▸ WHAT NEEDS TO BE DONE:
Your task is to return, word for word, only the lines from the line with "Prav te lahko" through the close of the data. Exclude all pictures.

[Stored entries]
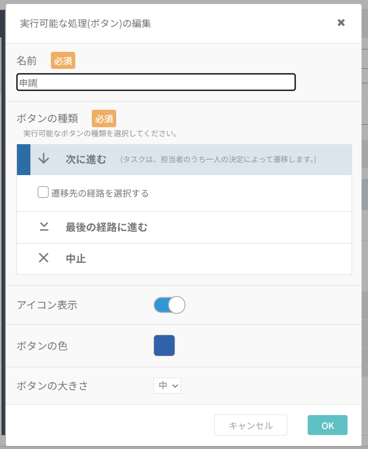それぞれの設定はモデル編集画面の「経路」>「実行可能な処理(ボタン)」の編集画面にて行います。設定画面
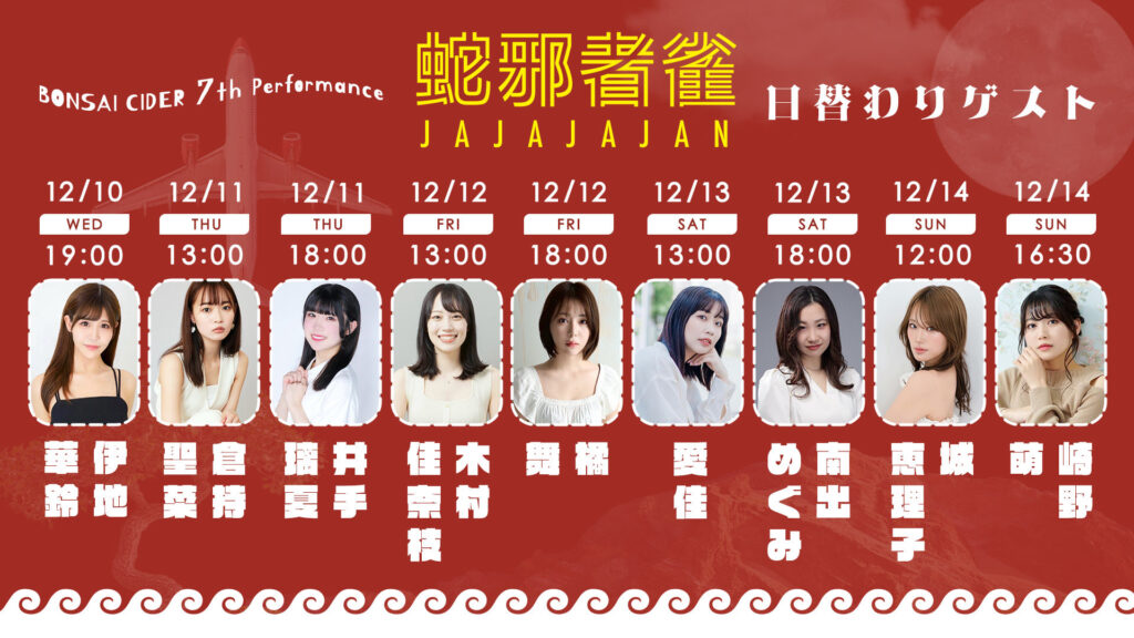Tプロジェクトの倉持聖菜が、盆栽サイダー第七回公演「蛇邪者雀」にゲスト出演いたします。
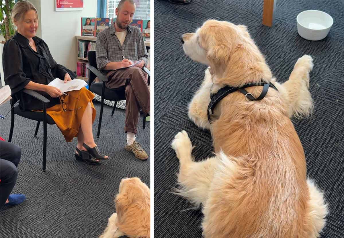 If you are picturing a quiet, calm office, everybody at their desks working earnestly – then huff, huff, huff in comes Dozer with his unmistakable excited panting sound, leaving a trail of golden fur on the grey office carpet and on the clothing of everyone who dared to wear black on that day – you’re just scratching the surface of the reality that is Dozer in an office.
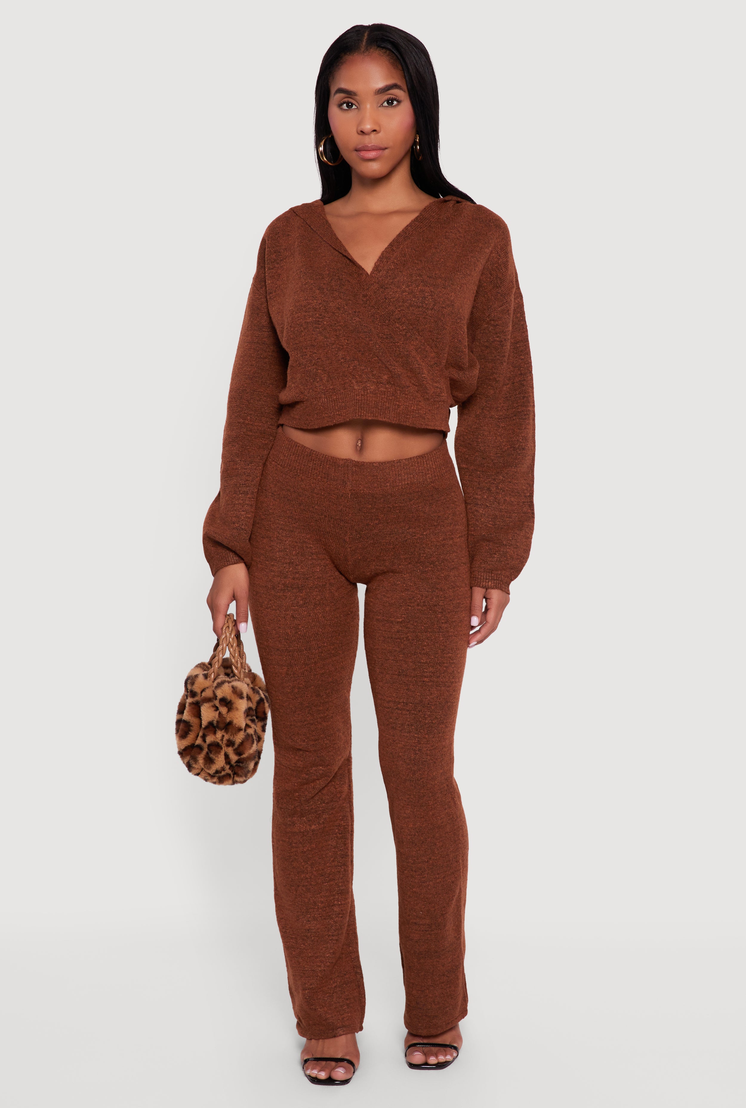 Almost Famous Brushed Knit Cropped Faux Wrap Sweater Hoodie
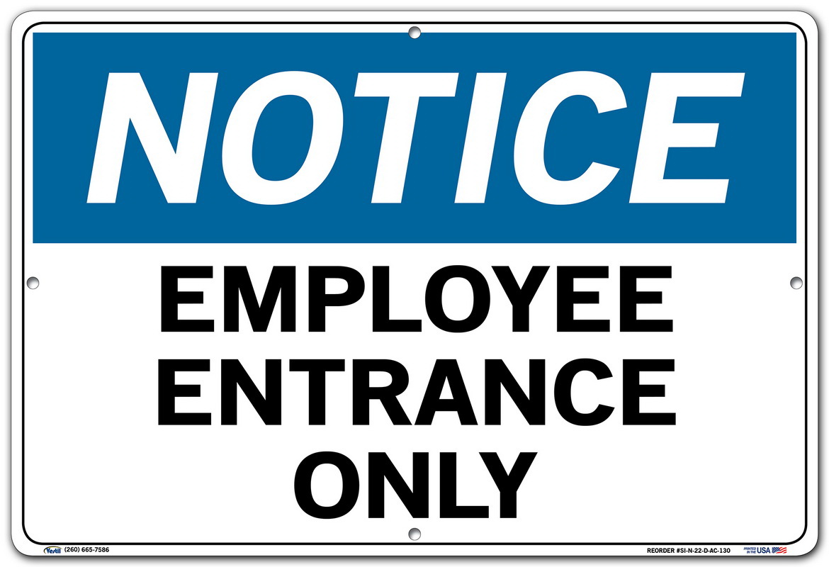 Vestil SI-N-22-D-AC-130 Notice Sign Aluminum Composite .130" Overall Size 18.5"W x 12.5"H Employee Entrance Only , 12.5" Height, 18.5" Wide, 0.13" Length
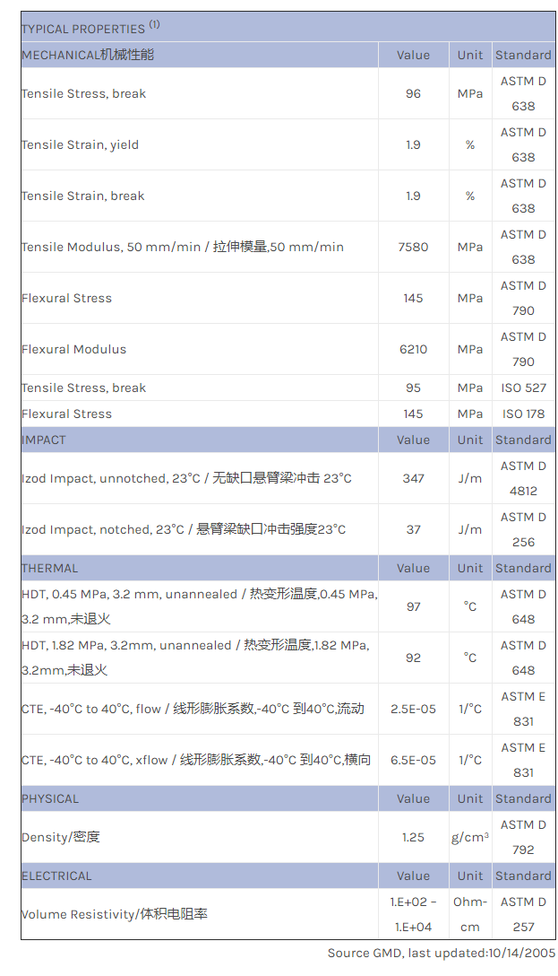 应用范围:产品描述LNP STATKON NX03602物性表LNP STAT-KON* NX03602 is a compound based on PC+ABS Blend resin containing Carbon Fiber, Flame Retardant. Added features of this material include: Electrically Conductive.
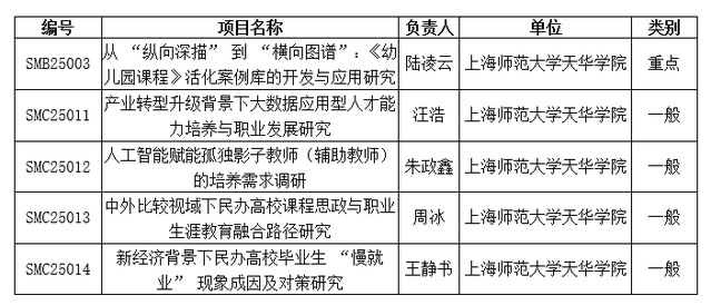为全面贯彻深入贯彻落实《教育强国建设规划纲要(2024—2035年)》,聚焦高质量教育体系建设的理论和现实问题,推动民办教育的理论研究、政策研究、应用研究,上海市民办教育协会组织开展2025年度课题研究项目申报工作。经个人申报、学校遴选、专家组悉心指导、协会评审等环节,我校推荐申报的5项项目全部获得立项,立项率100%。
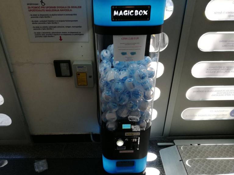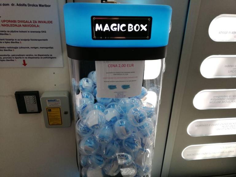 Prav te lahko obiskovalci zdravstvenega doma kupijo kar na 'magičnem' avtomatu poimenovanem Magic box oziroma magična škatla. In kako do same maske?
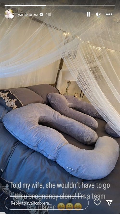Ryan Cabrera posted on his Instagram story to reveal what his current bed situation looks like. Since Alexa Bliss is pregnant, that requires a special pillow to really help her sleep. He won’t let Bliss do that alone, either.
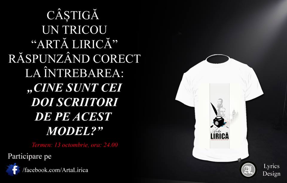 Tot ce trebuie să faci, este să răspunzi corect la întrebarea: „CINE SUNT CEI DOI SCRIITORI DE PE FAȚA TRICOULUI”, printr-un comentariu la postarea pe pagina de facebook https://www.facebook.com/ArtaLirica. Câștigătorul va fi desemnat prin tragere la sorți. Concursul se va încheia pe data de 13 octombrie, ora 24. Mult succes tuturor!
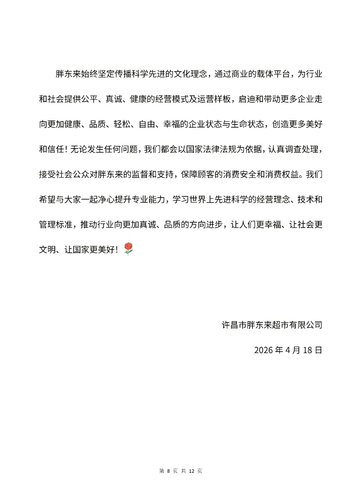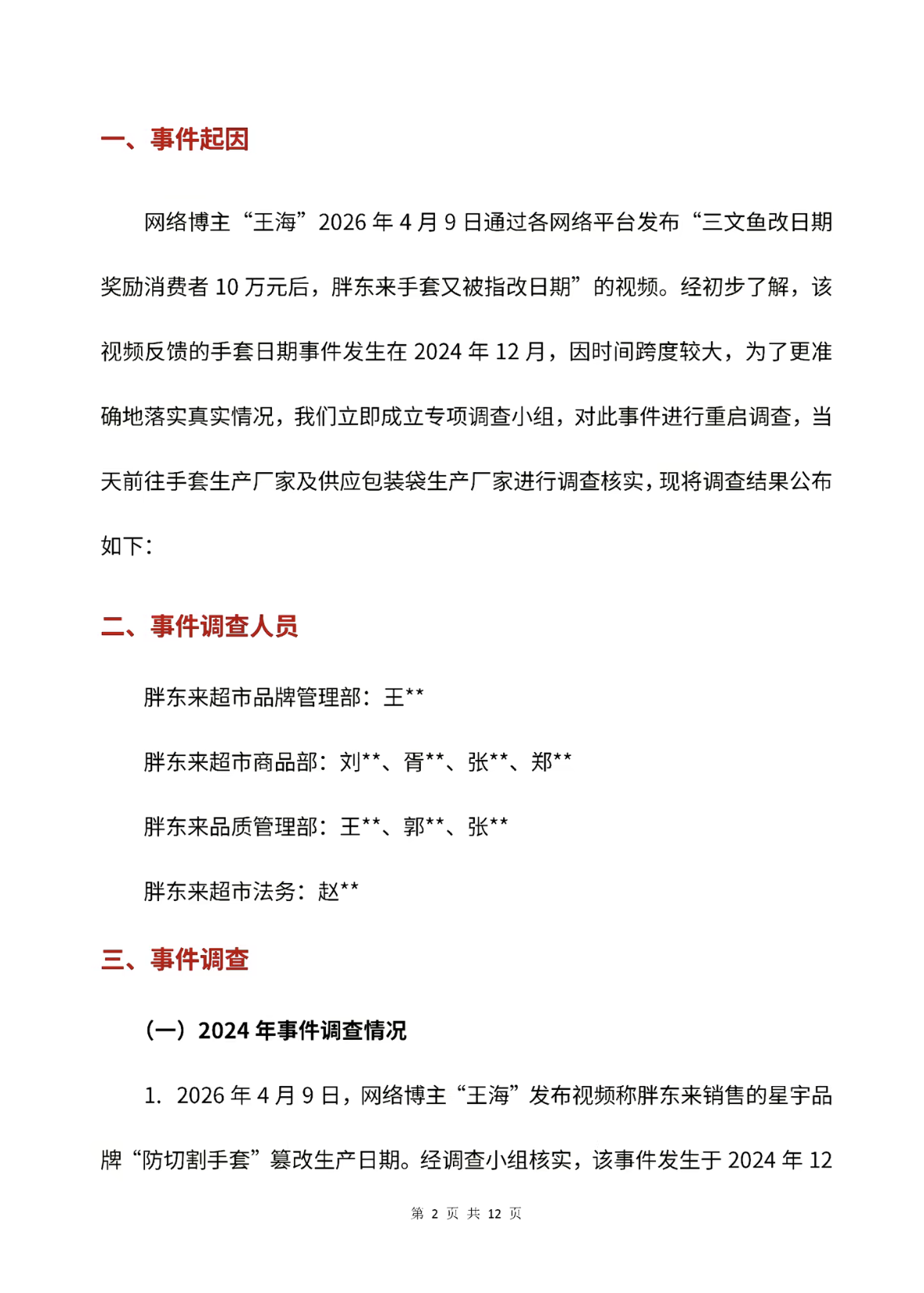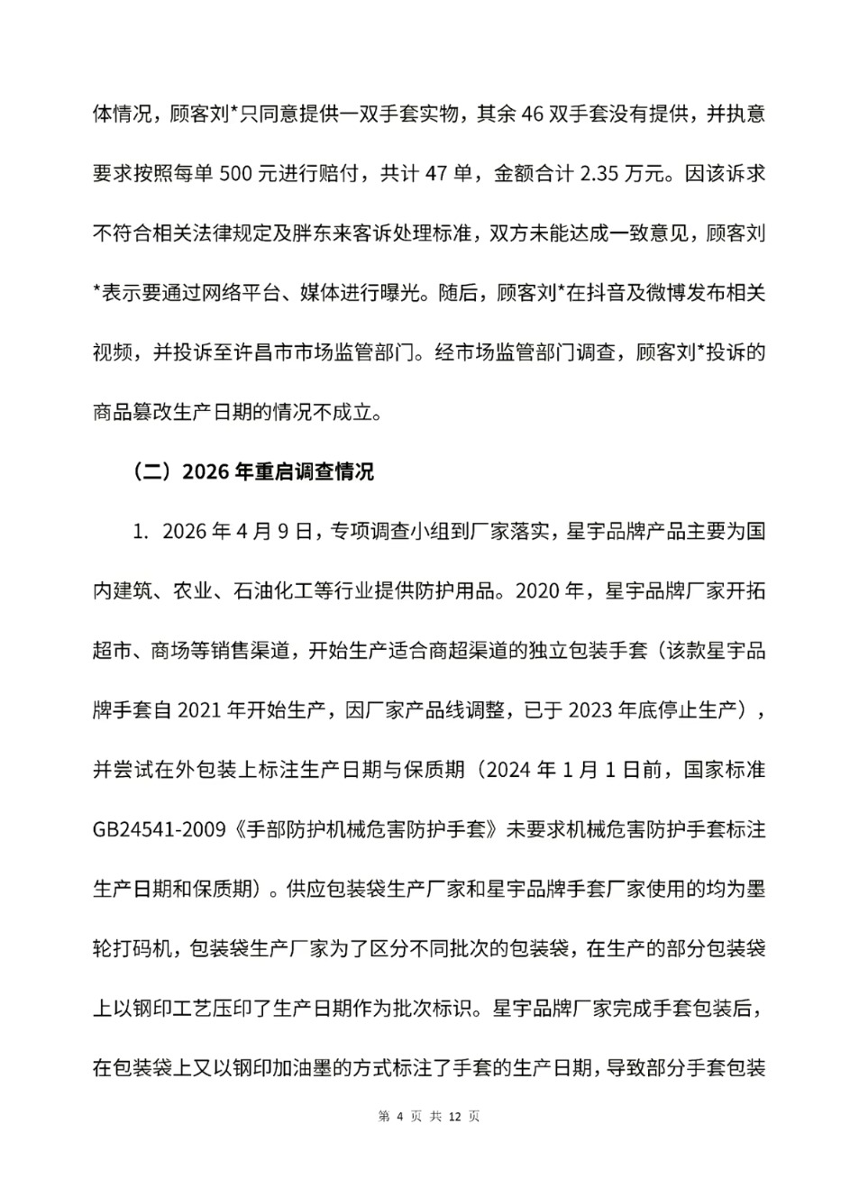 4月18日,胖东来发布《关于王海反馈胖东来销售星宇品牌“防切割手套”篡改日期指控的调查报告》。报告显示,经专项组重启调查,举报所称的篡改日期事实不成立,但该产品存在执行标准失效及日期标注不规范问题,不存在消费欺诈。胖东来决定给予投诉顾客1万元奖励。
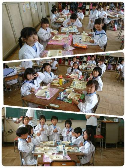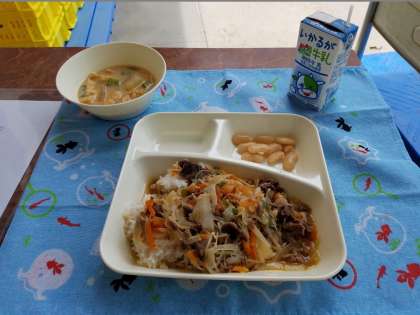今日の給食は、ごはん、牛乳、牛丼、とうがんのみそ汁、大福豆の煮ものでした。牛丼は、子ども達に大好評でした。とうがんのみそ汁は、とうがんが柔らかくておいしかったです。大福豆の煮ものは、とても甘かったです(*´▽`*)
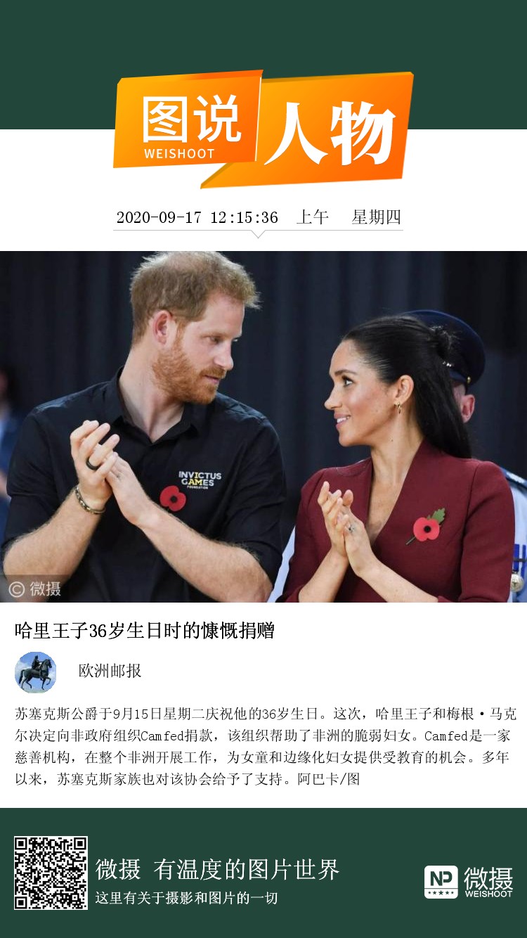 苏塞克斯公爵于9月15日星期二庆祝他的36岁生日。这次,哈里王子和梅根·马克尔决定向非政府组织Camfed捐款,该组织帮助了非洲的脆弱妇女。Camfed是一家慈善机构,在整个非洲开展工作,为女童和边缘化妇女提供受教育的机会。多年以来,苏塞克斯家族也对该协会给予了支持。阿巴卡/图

▸ COMPLETED EXERCISE:
 Prav te lahko obiskovalci zdravstvenega doma kupijo kar na 'magičnem' avtomatu poimenovanem Magic box oziroma magična škatla. In kako do same maske?
Ryan Cabrera posted on his Instagram story to reveal what his current bed situation looks like. Since Alexa Bliss is pregnant, that requires a special pillow to really help her sleep. He won’t let Bliss do that alone, either.
 Tot ce trebuie să faci, este să răspunzi corect la întrebarea: „CINE SUNT CEI DOI SCRIITORI DE PE FAȚA TRICOULUI”, printr-un comentariu la postarea pe pagina de facebook https://www.facebook.com/ArtaLirica. Câștigătorul va fi desemnat prin tragere la sorți. Concursul se va încheia pe data de 13 octombrie, ora 24. Mult succes tuturor!
 4月18日,胖东来发布《关于王海反馈胖东来销售星宇品牌“防切割手套”篡改日期指控的调查报告》。报告显示,经专项组重启调查,举报所称的篡改日期事实不成立,但该产品存在执行标准失效及日期标注不规范问题,不存在消费欺诈。胖东来决定给予投诉顾客1万元奖励。
今日の給食は、ごはん、牛乳、牛丼、とうがんのみそ汁、大福豆の煮ものでした。牛丼は、子ども達に大好評でした。とうがんのみそ汁は、とうがんが柔らかくておいしかったです。大福豆の煮ものは、とても甘かったです(*´▽`*)
 苏塞克斯公爵于9月15日星期二庆祝他的36岁生日。这次,哈里王子和梅根·马克尔决定向非政府组织Camfed捐款,该组织帮助了非洲的脆弱妇女。Camfed是一家慈善机构,在整个非洲开展工作,为女童和边缘化妇女提供受教育的机会。多年以来,苏塞克斯家族也对该协会给予了支持。阿巴卡/图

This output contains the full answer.